You should not do anything to keep the [Machine Authenticated] role cached. In the subsequent user authentication you should see both [User Authenticated] and [Machine Authenticated] under the roles in Access Tracker.

------------------------------
Herman Robers
------------------------
If you have urgent issues, always contact your Aruba partner, distributor, or Aruba TAC Support. Check https://www.arubanetworks.com/support-services/contact-support/ for how to contact Aruba TAC. Any opinions expressed here are solely my own and not necessarily that of Hewlett Packard Enterprise or Aruba Networks.
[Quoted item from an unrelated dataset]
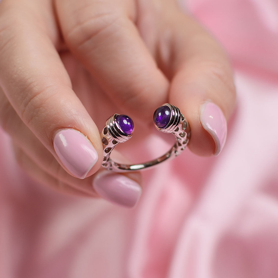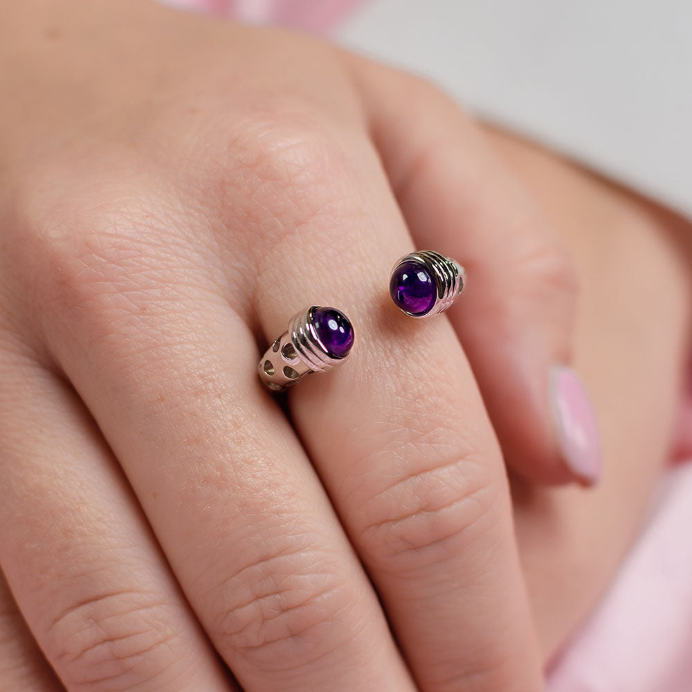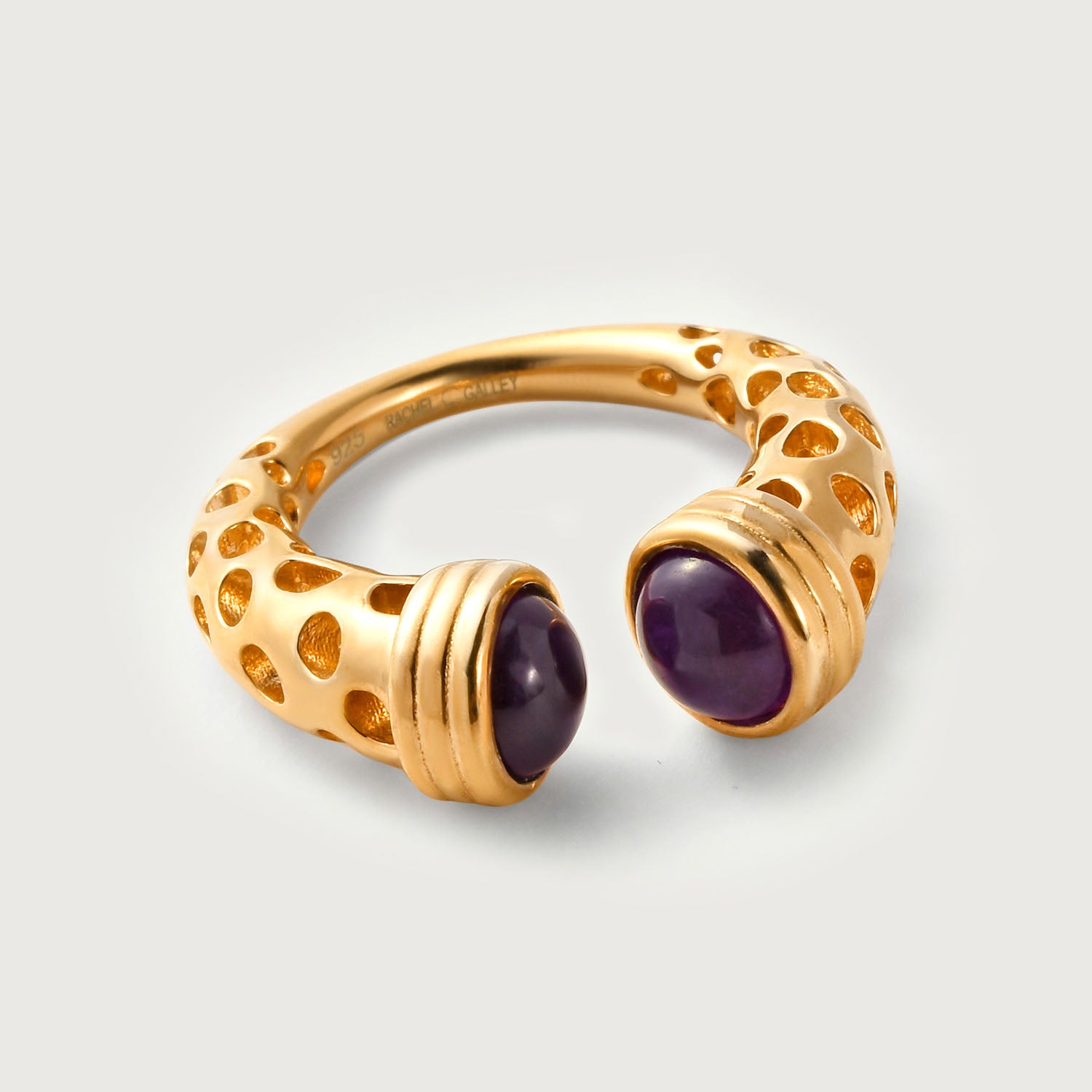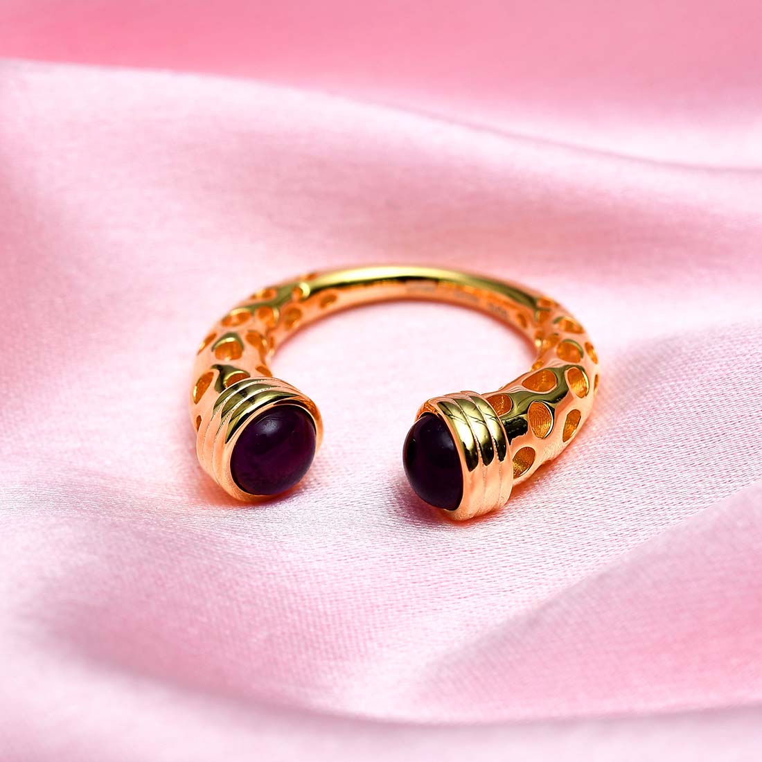 Rachel's iconic design studded with real amethyst! A wrap design with open ends, this ring features her signature allegro lattice design. A bold ring that can be paired beautifully well with rest of the Allegro Collection.

In case your problem is solved, please invest the time to post a follow-up with the information on how you solved it. Others can benefit from that.
------------------------------

Original Message:
Sent: Apr 21, 2022 08:39 AM
From: Unai Abrisqueta
Subject: Wired 802.1x service not working as expected

Hey Team!

I am trying to deploy a solution of wired 802.1x with my aruba clearpass 6.9.7. I am not being able to cache the role assigned by the first machine authentication, when I am authenticating as user. I really need to keep the role linked with the endpoint at least until the user authentication.

I have checked the checkbox "Use cached Roles and Posture attributes from previous sessions" , but it keeps not saving the role. I tried to extend the option behind cluster wide parameter "Policy result cache timeout" to 15 minutes without result.

Does I have to do anything special in the role mapping side? How could I keep saved the role?

Thanks!

------------------------------
Unai Abrisqueta
------------------------------

Hi herman,

I see both roles cached, the problem is that I don't see my custom role being cached although the role is assigned to the endpoint in the machine authentication, which takes place first.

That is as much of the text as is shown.